Your goal: No pictures go into the copy. Write out exactly the lines below from the one containing "3. 로그인 후 메인화면▶ 피부양자 업무▶ 자격취득" through the one containing "吴波,30岁,金工车间移动龙".

* * * *

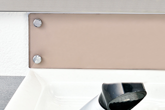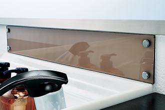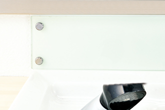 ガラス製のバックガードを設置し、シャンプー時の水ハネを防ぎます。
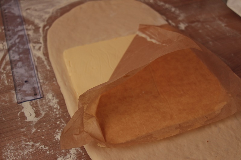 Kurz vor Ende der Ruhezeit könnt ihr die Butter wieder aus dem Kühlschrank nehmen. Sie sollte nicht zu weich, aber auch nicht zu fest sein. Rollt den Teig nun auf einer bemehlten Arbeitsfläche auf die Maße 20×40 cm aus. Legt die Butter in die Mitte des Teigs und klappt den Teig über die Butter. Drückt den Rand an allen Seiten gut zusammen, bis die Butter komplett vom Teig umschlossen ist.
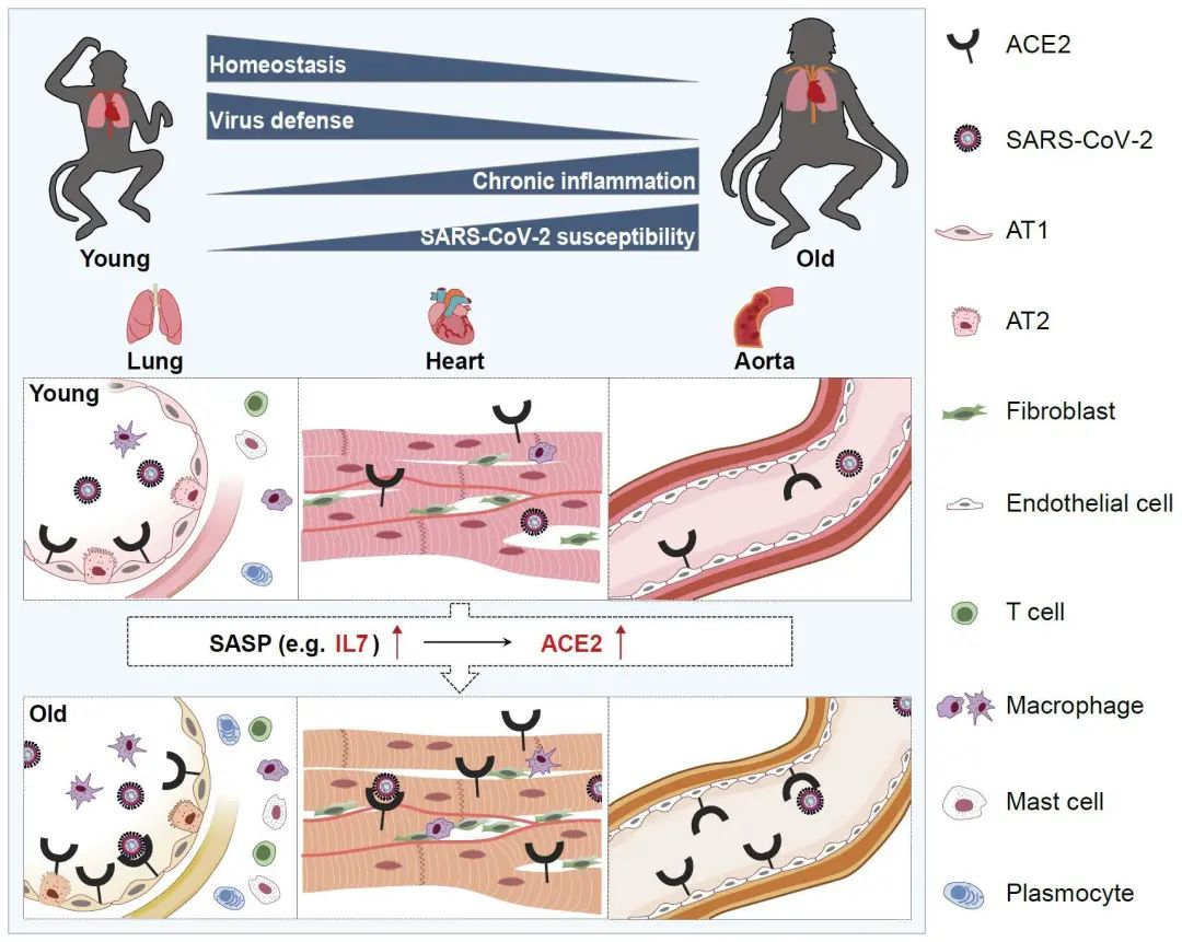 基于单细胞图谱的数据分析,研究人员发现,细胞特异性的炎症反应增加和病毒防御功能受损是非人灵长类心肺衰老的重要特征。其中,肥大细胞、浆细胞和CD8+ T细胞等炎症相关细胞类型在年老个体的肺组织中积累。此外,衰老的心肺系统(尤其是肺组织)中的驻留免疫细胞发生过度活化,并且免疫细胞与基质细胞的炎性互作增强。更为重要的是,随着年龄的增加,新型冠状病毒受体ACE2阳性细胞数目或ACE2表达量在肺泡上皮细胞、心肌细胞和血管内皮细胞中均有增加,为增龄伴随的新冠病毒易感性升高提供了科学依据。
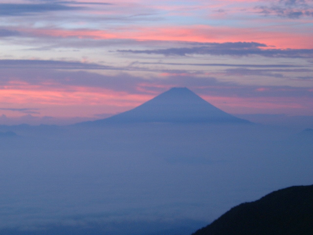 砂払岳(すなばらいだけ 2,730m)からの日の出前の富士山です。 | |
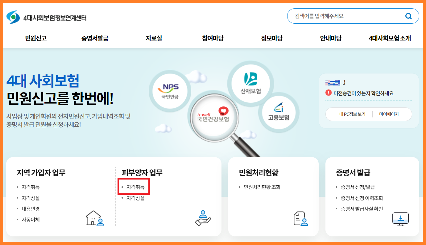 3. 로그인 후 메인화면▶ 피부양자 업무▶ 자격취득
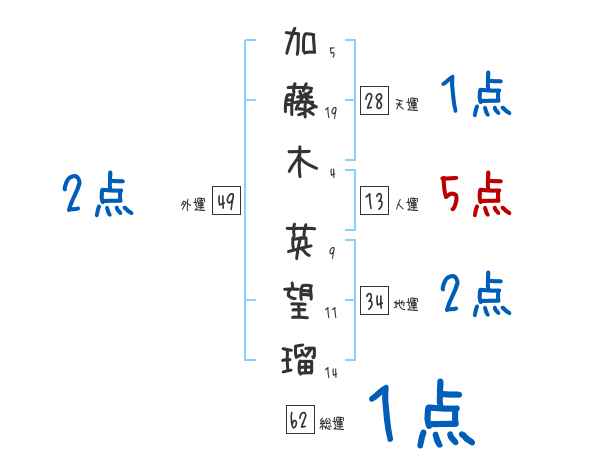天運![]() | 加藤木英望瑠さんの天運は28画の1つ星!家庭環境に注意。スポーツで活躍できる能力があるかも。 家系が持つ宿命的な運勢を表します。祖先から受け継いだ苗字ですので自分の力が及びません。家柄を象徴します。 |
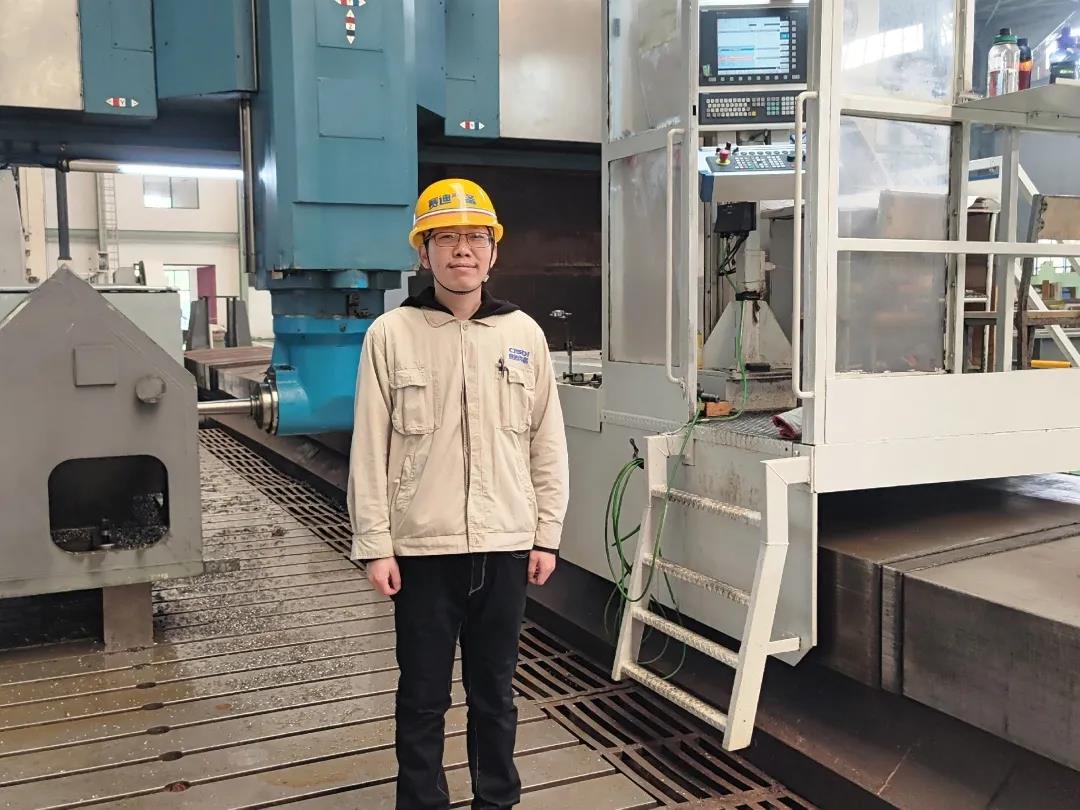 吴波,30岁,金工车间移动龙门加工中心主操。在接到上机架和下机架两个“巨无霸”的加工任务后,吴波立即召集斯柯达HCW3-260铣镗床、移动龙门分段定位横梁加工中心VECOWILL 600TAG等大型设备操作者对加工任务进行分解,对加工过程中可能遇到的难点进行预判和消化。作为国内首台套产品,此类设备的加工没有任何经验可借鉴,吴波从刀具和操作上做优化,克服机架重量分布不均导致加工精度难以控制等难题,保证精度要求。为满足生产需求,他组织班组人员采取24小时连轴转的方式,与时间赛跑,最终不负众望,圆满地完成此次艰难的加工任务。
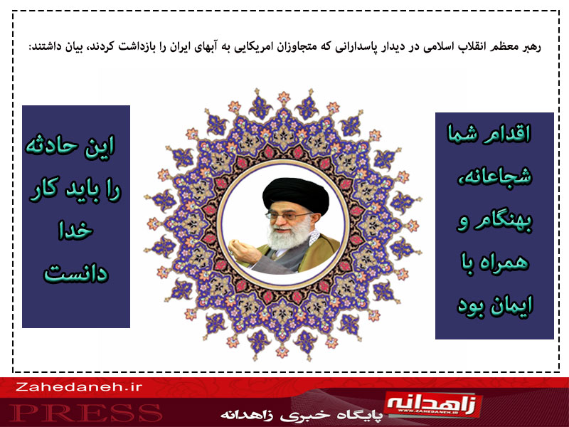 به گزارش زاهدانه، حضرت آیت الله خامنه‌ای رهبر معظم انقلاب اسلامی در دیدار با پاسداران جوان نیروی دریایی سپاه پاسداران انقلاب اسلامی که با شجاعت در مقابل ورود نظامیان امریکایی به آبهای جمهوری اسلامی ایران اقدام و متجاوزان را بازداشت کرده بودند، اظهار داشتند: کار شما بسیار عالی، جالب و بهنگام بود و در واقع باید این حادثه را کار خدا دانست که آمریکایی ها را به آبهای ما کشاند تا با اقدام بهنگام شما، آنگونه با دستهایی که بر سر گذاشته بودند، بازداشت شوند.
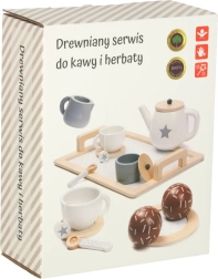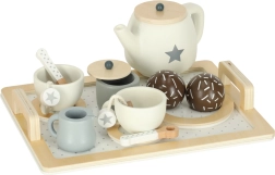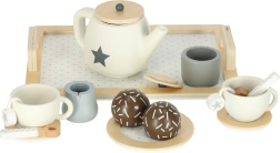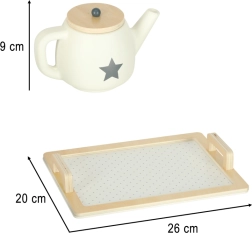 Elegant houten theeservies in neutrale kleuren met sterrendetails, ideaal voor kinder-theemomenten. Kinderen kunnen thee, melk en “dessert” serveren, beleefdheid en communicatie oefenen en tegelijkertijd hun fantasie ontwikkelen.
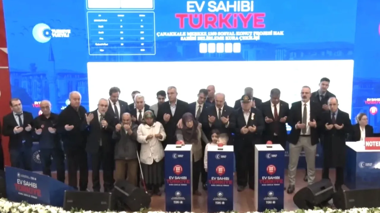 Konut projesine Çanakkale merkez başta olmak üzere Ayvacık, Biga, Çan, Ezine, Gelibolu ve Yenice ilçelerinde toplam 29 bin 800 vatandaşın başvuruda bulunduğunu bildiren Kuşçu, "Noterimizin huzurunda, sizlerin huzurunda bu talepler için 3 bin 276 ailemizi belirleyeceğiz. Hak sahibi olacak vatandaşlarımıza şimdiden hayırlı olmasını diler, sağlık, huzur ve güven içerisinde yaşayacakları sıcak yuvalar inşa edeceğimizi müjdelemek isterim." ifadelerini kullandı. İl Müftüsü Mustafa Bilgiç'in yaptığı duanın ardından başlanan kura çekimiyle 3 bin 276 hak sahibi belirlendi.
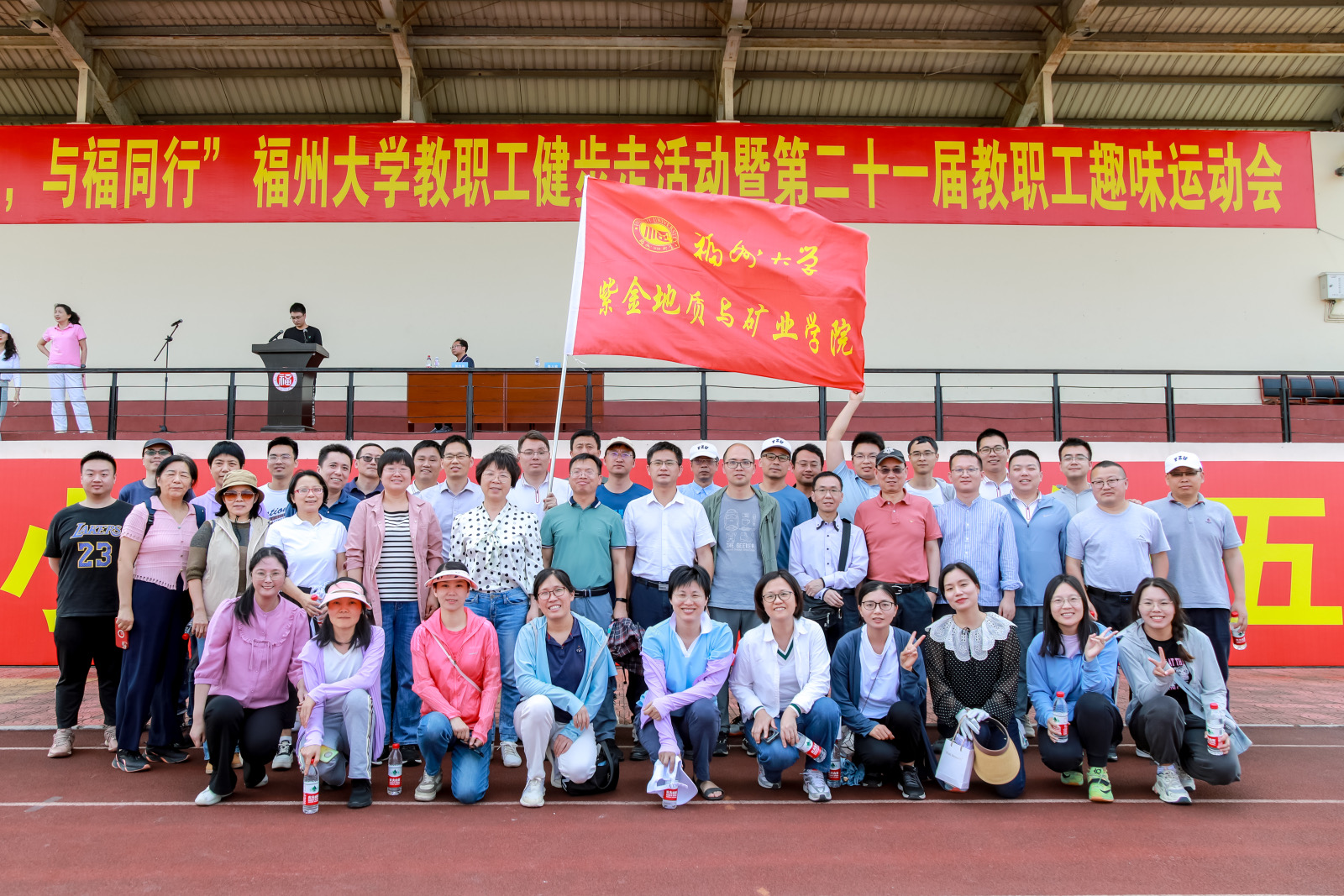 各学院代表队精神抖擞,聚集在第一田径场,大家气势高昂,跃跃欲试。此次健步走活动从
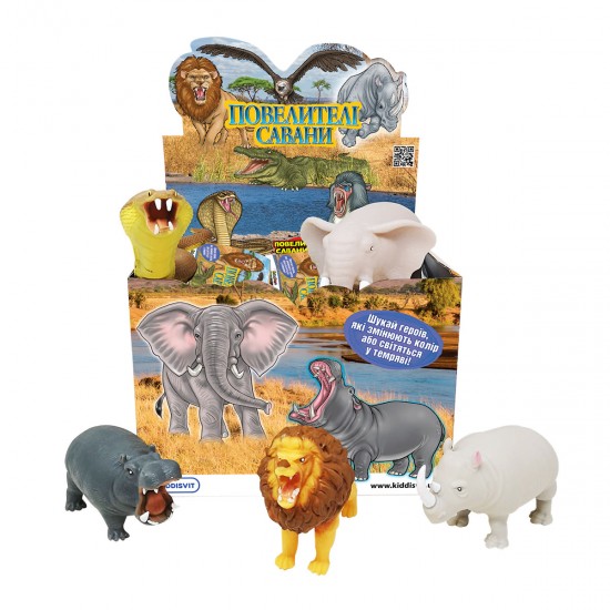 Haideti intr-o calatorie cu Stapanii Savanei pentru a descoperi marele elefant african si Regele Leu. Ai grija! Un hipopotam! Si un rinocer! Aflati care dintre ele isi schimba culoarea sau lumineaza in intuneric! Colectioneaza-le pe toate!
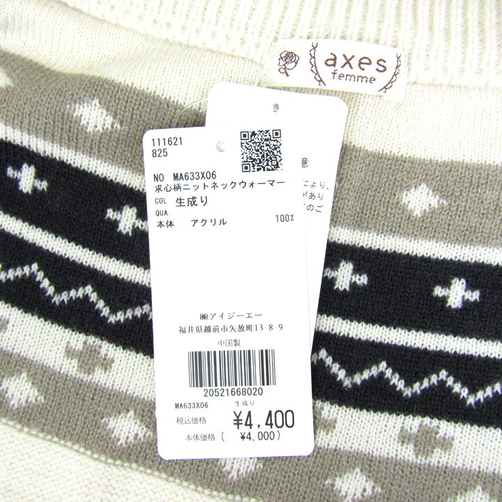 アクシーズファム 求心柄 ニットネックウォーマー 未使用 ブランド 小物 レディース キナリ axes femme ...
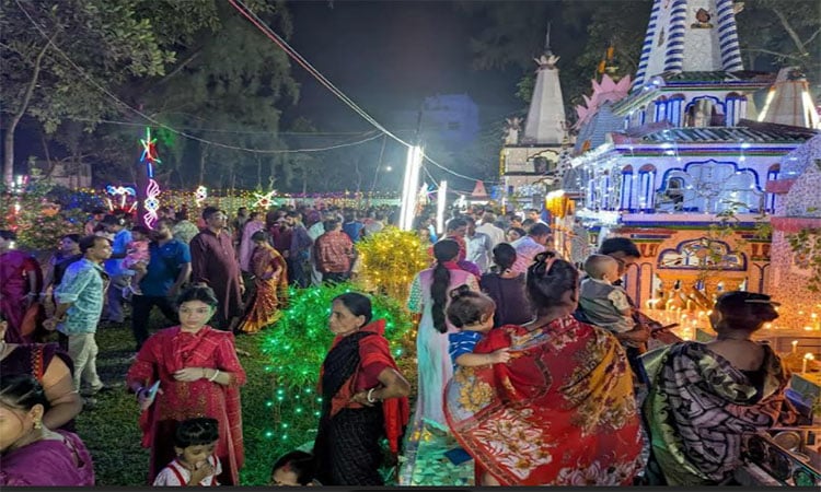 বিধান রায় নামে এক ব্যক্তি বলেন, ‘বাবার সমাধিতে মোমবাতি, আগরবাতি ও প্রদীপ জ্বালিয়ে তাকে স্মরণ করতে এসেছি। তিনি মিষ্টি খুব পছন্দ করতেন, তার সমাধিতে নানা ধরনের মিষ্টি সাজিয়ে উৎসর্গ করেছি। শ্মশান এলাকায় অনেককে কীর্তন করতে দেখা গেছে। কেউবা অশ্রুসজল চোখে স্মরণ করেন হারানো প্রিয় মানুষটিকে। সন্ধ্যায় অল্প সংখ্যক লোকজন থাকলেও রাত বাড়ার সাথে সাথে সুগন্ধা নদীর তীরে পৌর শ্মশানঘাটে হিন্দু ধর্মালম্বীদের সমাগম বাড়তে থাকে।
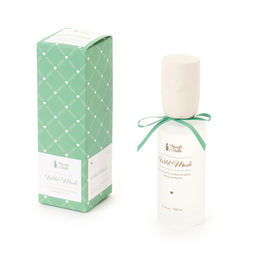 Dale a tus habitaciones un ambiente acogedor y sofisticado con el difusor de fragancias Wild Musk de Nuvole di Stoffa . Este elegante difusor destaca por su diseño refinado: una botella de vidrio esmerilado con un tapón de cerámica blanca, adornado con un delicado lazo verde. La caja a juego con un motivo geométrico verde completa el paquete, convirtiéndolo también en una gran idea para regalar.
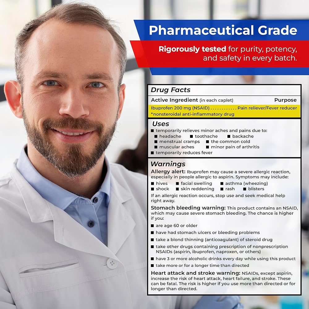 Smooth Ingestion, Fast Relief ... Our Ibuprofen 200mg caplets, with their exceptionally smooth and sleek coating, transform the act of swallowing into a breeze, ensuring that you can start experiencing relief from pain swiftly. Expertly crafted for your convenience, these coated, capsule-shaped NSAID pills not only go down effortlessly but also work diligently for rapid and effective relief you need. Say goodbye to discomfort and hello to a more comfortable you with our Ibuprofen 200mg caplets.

* * * *

Written answer:
 3. 로그인 후 메인화면▶ 피부양자 업무▶ 자격취득
天運![]() | 加藤木英望瑠さんの天運は28画の1つ星!家庭環境に注意。スポーツで活躍できる能力があるかも。 家系が持つ宿命的な運勢を表します。祖先から受け継いだ苗字ですので自分の力が及びません。家柄を象徴します。 |
 吴波,30岁,金工车间移动龙门加工中心主操。在接到上机架和下机架两个“巨无霸”的加工任务后,吴波立即召集斯柯达HCW3-260铣镗床、移动龙门分段定位横梁加工中心VECOWILL 600TAG等大型设备操作者对加工任务进行分解,对加工过程中可能遇到的难点进行预判和消化。作为国内首台套产品,此类设备的加工没有任何经验可借鉴,吴波从刀具和操作上做优化,克服机架重量分布不均导致加工精度难以控制等难题,保证精度要求。为满足生产需求,他组织班组人员采取24小时连轴转的方式,与时间赛跑,最终不负众望,圆满地完成此次艰难的加工任务。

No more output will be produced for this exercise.